By the time I noticed the hug had ended, she stood by the door and waved at us. “I shall see you both tomorrow. And Fluttershy,” she added with a glance at my Flutterbuddy, “remember what we spoke of.” Fluttershy grunted softly. “Ta-ta!”

“See ya,” I mumbled, doing my best not to topple over from the warm, fuzzy feelings in my tummy. When I finally managed to glance up, she had already left. Geez, it weirded me out how much being around Rarity scared me.

So things had gone from bad to good to better then back to bad then finally stopped on kind-of good; I could handle that. Beside me, Fluttershy kept on fidgeting, so I threw my foreleg over her shoulders.

“So, Flutterbuddy, what’s going on?” I said as my smile got wider and wider. “Did you get to see the butterfly?” If there’s one thing Fluttershy loves, it’s talking about her animal friends. Well, that and actually taking care of her animal friends. And she definitely loves butterscotch—I’d bet you a squillion bits that she loves butterscotch.
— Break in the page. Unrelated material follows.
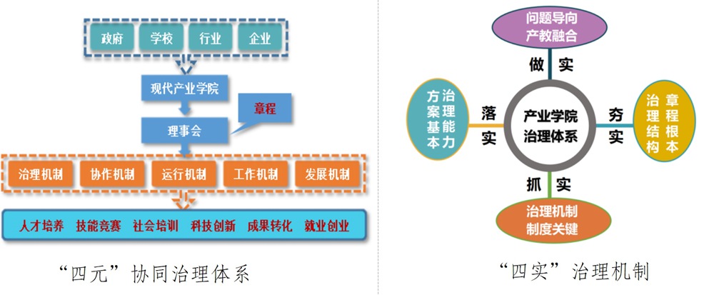 实化“四元四实”,构建多元协同治理格局。学校主动融入产业园区,建设现代产业学院。构建由政府、产业园区、专精特新企业和高职院校“四元”组成的产业学院理事会。以问题为导向做实产教融合,以章程为根本夯实治理结构,以制度为关键抓实治理机制,以方案为基本落实治理能力,创设“四实”治理机制,构建产业学院治理机制,形成校企治理体系,实现校企共建共享资源,共培共育学生,营造共建共治共享生态。同时聚焦国家重点战略布局,主动围绕南沙产业发展,建设南沙职教集团,积极构建混合式“三引三性”(引孵产业、引培企业、引育学生,园区社会性、企业经济性、学校公益性)现代产业学院治理体系,实施现场工程师改革和中国特色现代学徒制改革,共建南沙产教融合国家示范区,构建广州职业教育向南的“增长极”。

But even after I mentioned the butterfly, it took her a few seconds to look at me. “I’m-I’m sorry, Pinkie, but I—” She gulped loudly “—I really need to go.”

“Go?” I asked; that was unexpected. That heavy feeling—which, by the way, gets really really annoying after, like, the third or fourth time it hits you—tried to drag me down. “Right now? What for?”

“I have a, um—” Fluttershy stood so quickly she nearly pulled me with her. “I have something very important to take care of.”

I trotted behind her to the door. “Anything I can help with?”

“No, it’s, um, an animal thing,” she said, pushing the door open. “Bye.”

“I’ll see you tomorrow morning!” I called after her before the door closed in my face. Sure, she had hurried to get out of there, but I could always count on Fluttershy—no way would she skip out on me when I needed her most.

With that thought in mind, I trotted into the kitchen and from there into the closet to get a hammer and nails—that kissing booth wasn’t going to build itself.